The Big Gamble on Electronic Voting
By RANDALL STROSS
HANGING chads made it difficult to read voter intentions in 2000. Hotel minibar keys may do the same for the elections in November.
The mechanics of voting have undergone a major change since the imbroglio that engulfed presidential balloting in 2000. Embarrassed by an election that had to be settled by the Supreme Court, Congress passed the Help America Vote Act of 2002, which provided funds to improve voting equipment.
From 2003 to 2005, some $3 billion flew out of the federal purse for equipment purchases. Nothing said “state of the art” like a paperless voting machine that electronically records and tallies votes with the tap of a touch screen. Election Data Services, a political consulting firm that specializes in redistricting, estimates that about 40 percent of registered voters will use an electronic machine in the coming elections.
One brand of machine leads in market share by a sizable margin: the AccuVote, made by Diebold Election Systems. Two weeks ago, however, Diebold suffered one of the worst kinds of public embarrassment for a company that began in 1859 by making safes and vaults.
Edward W. Felten, a professor of computer science at Princeton, and his student collaborators conducted a demonstration with an AccuVote TS and noticed that the key to the machine’s memory card slot appeared to be similar to one that a staff member had at home.
When he brought the key into the office and tried it, the door protecting the AccuVote’s memory card slot swung open obligingly. Upon examination, the key turned out to be a standard industrial part used in simple locks for office furniture, computer cases, jukeboxes — and hotel minibars.

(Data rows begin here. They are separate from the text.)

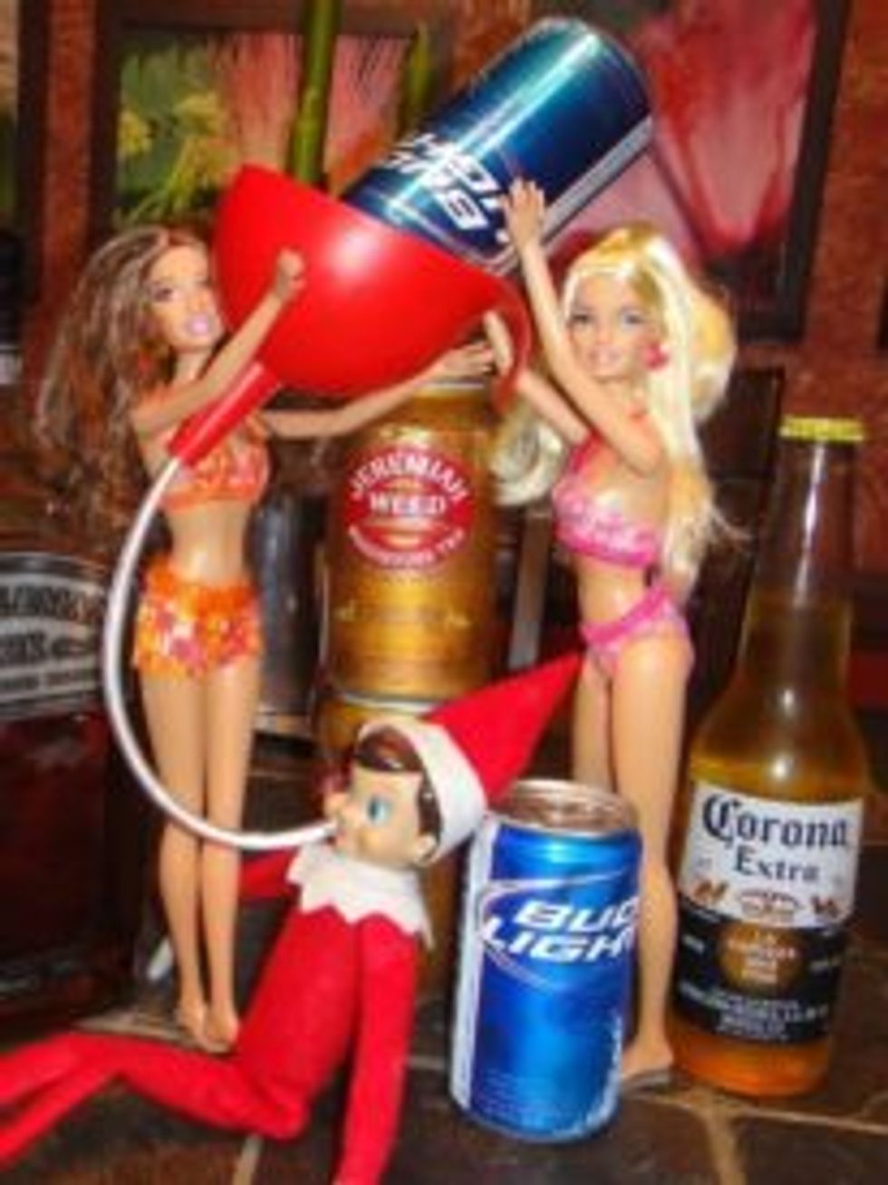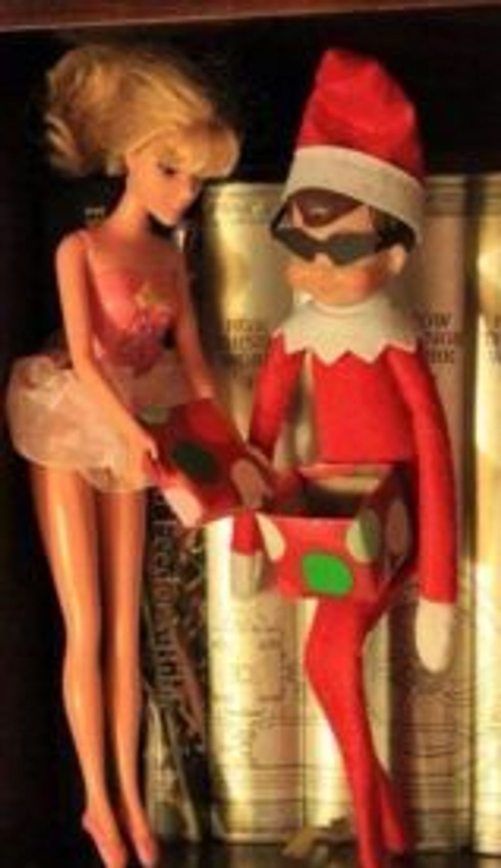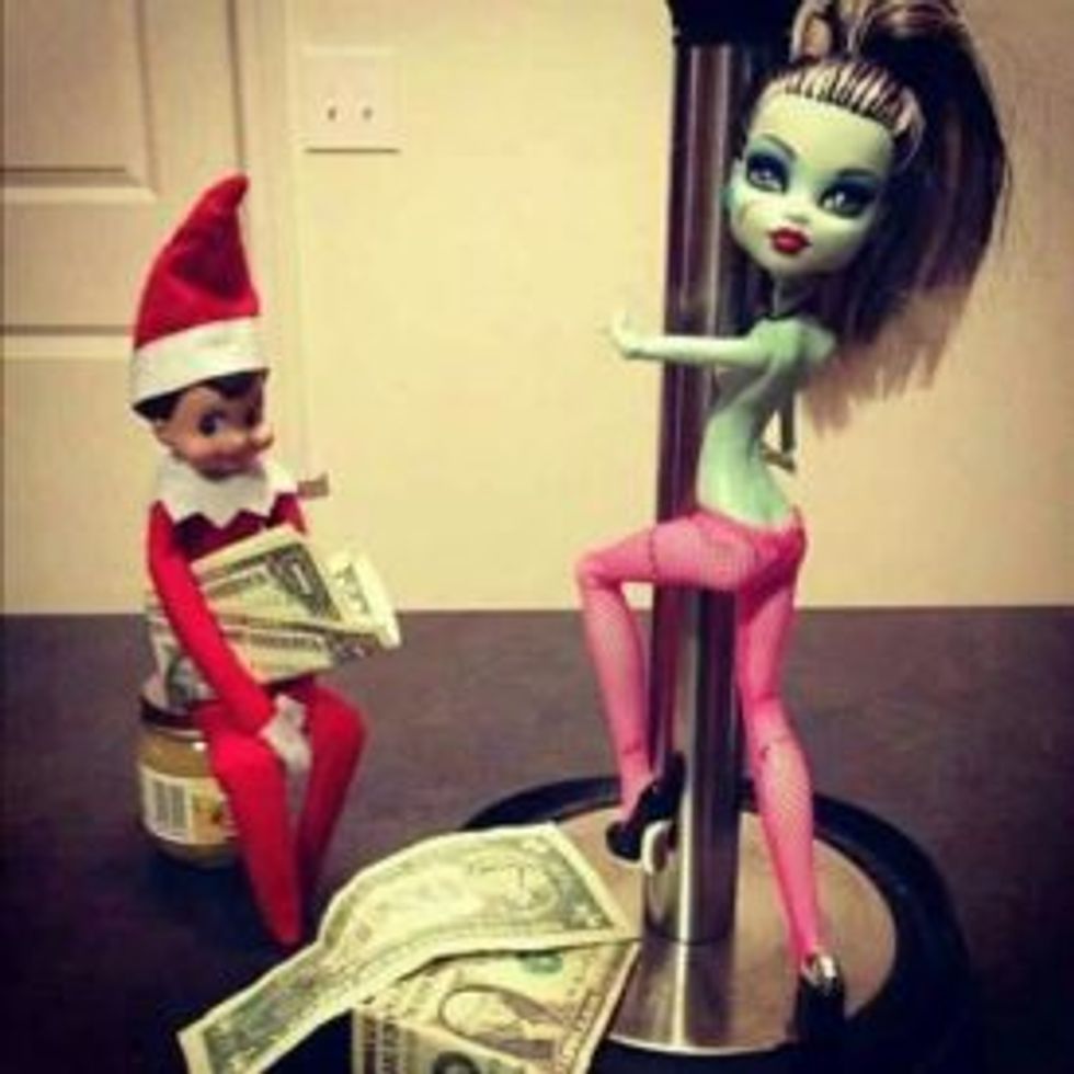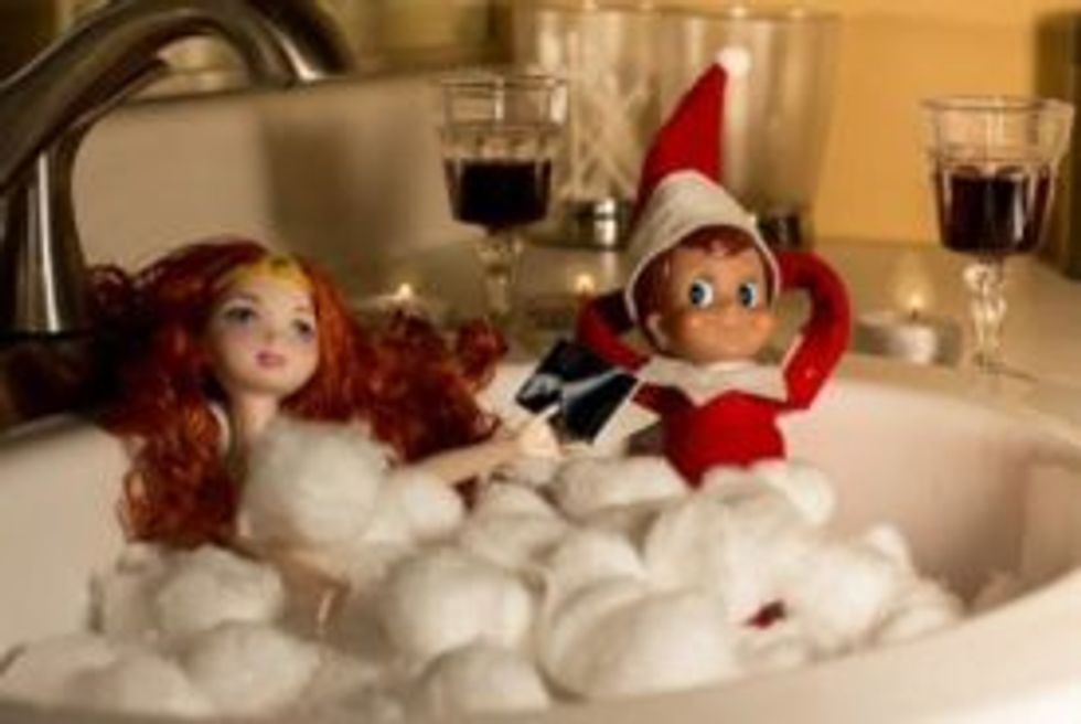 Many families include the Elf on the Shelf in their Christmas celebrations. This naughty Elf on the Shelf serves as Santa's eyes and ears. They often leave special gifts for nice children each day, and warn naughty children to shape up! However, some adults have taken this annual tradition to the next level by allowing their Elf on the Shelf to engage in some adult activities.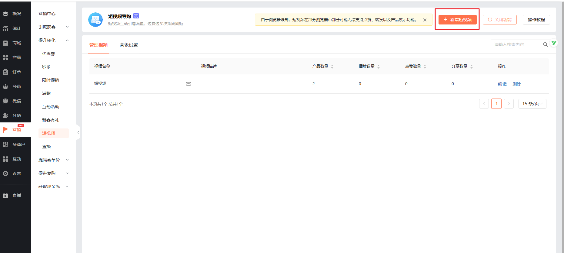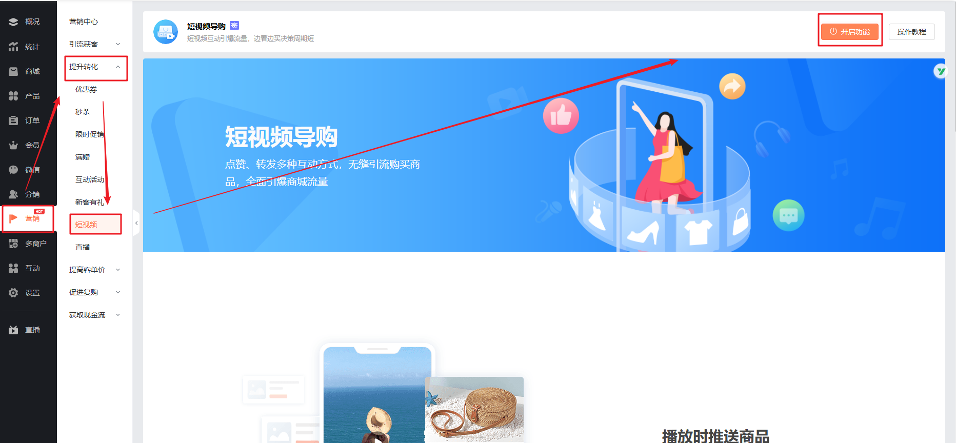 进入【商城管理-营销-提升转化-短视频导购】中,可开启短视频导购功能。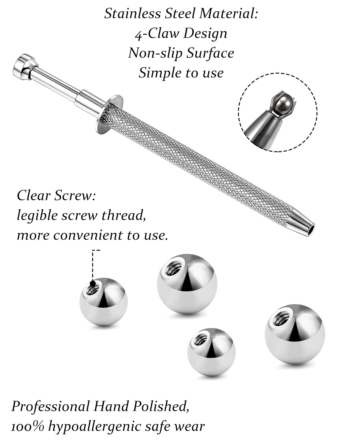 [PRODUCT SIZE]: Piercing Balls Grabber Tool: 120mm=4.7inch, Piercing Balls:14g*5mm, 16g*3mm.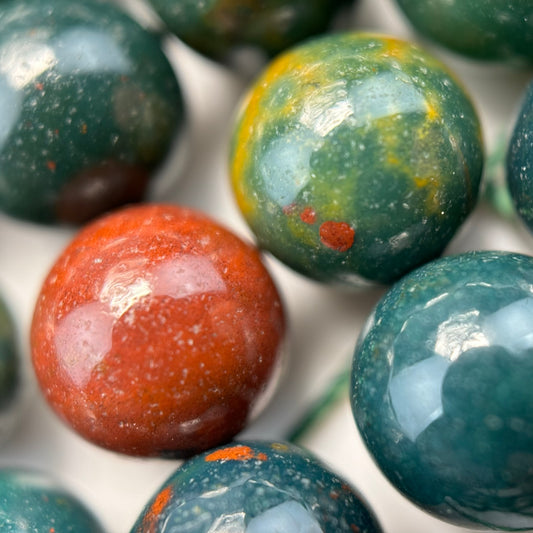 - Bloodstone (Semi-Precious) – Dark Green with Red Flecks: A variety of chalcedony; also known as heliotrope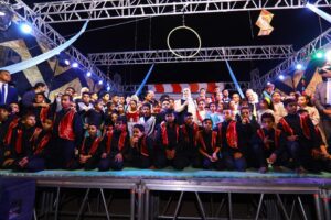 كما تضمن  الحفل توزيع جوائز  على الفائزين من أهالي عزبة خيرالله بمسابقة رسم تجميل المباني المحيطة بمنطقة الجبخانة.

Once the memory card slot was accessible, how difficult would it be to introduce malicious software that could manipulate vote tallies? That is one of the questions that Professor Felten and two of his students, Ariel J. Feldman and J. Alex Haldeman, have been investigating. In the face of Diebold’s refusal to let scientists test the AccuVote, the Princeton team got its hands on a machine only with the help of a third party.
Even before the researchers had made the serendipitous discovery about the minibar key, they had released a devastating critique of the AccuVote’s security. For computer scientists, they supplied a technical paper; for the general public, they prepared an accompanying video. Their short answer to the question of the practicality of vote theft with the AccuVote: easily accomplished.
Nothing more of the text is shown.